Сели кушать. Батя с десяток яиц достает. Я и не видел, когда он их варил.
– Осторожней, они сырые, - предупреждает.
Мне доводилось пробовать сырые яйца, не понравились. Как будто слизняка какого заглатываешь.
– Сейчас мы их запечем. Несите сушняк, - отдает команду отец.
Сам закапывает яйца в песок. Сверху разводит костерок. Хворост горит быстро и жарко. Все собрались вокруг — интересно, что получится. А пока жуем колбасу и помидоры. Запиваем из Урала. Отец — из китайского термоса. Мне тоже в крышку чай наливает, но я, как все.
Пламя сошло на нет, отец разгребает уголья, песок и достает первое яйцо. Окунул его в воду, подержал, положил на ладонь и крутанул — вертится.
– Готово! Разбираем! Только в Урале охладите, чиститься лучше будут... А скорлупу — на газету, сожжем...
С той стороны, с которой запекался, фарфоровый глянец чищенного яйца помечен коричневато-желтым пятном, а так, как варенное. Хотя не совсем — дымком попахивает. И почему-то кажется вкуснее в сто раз.
– Здоровски... - Абрам в миг слопал свое и с вожделением смотрит на оставшиеся яйца. - Теперь всегда буду брать сырые на рыбалку.
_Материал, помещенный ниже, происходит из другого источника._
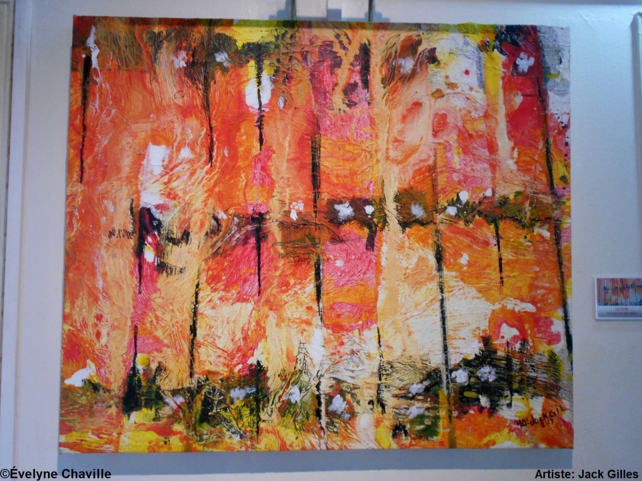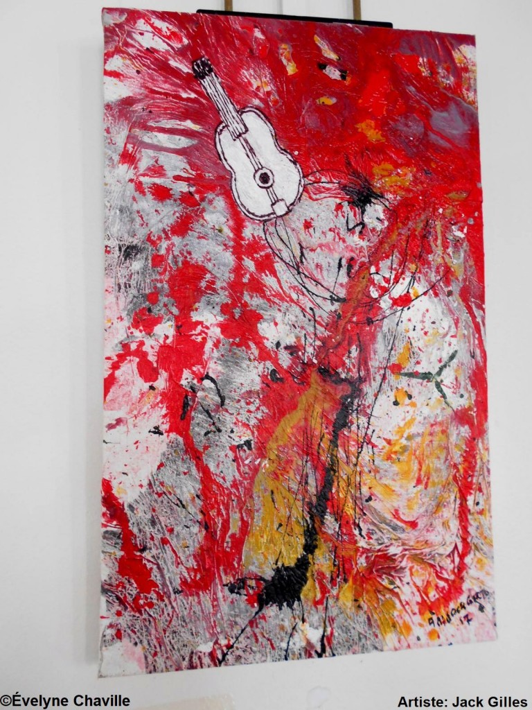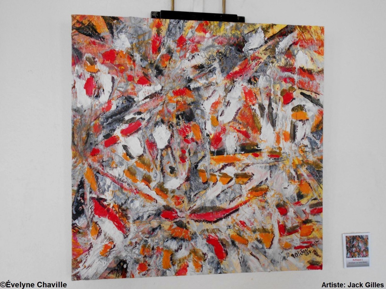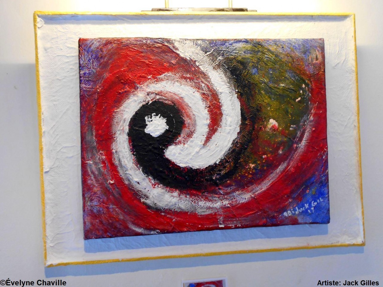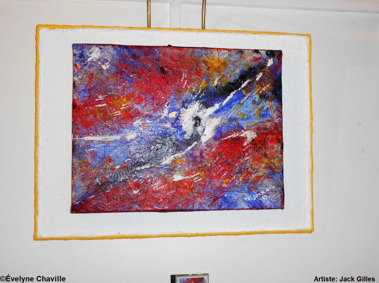 Jack Gilles: Je suis un passionné d’art, de la vie… J’utilise des couleurs vives car je veux que les gens soient joyeux, éclairés. Mais, le blanc et le noir sont aussi des couleurs. Je suis un anti-code. Je suis un peintre libre. Les oeuvres sont mi-figuratives, mi-abstraites, cela sort comme cela. C’est aussi pour cela que le sous-titre de l’exposition est “Expressions libres”…
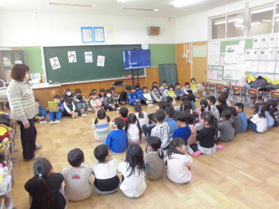 前半の1時間は小学校の紹介をし、後半の1時間は校内を案内しました。
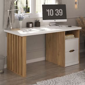 Eleve sua produtividade e tenha um escritório home office cheio de charme e estilo com a Mesa Escrivaninha Home Office 140cm 2 Gavetas Dora, da Lyam Decor. Vem conferir!
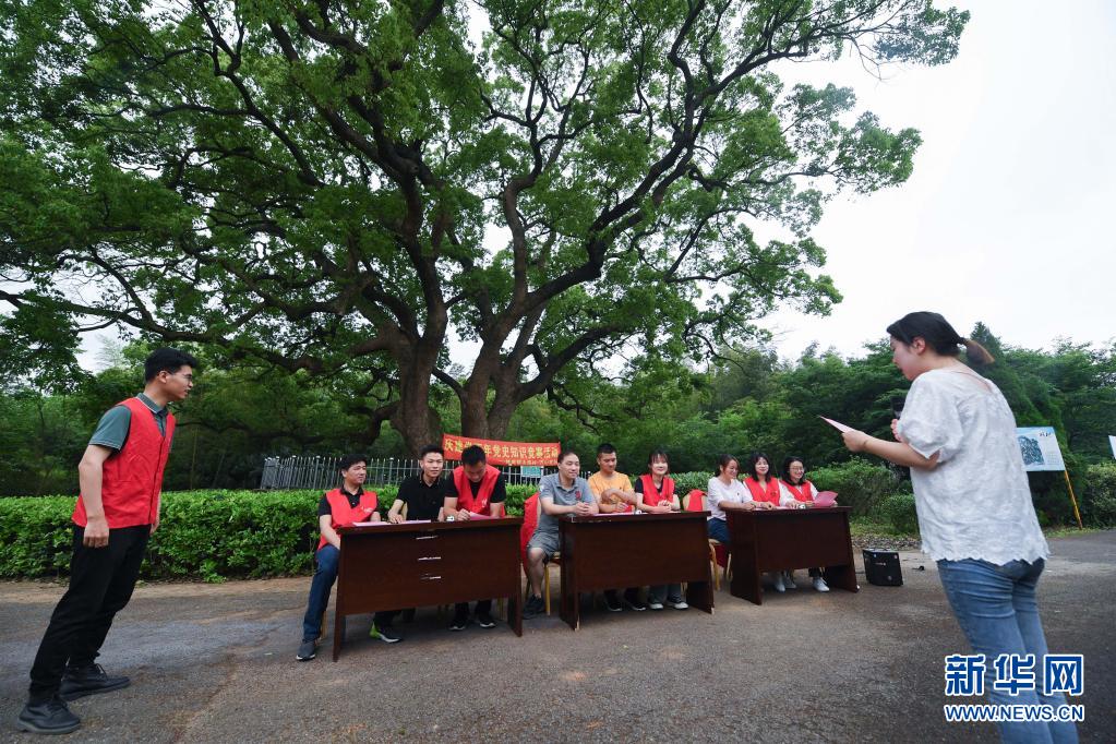 5月11日,在林城镇太傅村600年的古香樟树下,基层党员参加党史知识竞赛活动,迎接建党百年。

Почти все лесники держат во дворах кур, так что в следующий поход Тобик уж точно отведет душу.
– Все подъедаем и убираем, - отец направляется к закидным. И тут же возвращается:
– А черви-то кончились...
Да, с червями мы промахнулись. Но кто знал, что сегодня клев будет, как на заказ. Нередко случалось, что с утра пораньше чебак поактивничает, а потом начиналась «вялотекущая шизофрения», переходящая в «летальный исход» (мишкины выражения), то есть в полное отсутствие клева. А сегодня все закидные продолжают долбить, причем рыба-то идет серьезная — язь, подлещик, синец крупный... От червя на крючках одни ошметки остаются, каждый раз надо перенасаживать.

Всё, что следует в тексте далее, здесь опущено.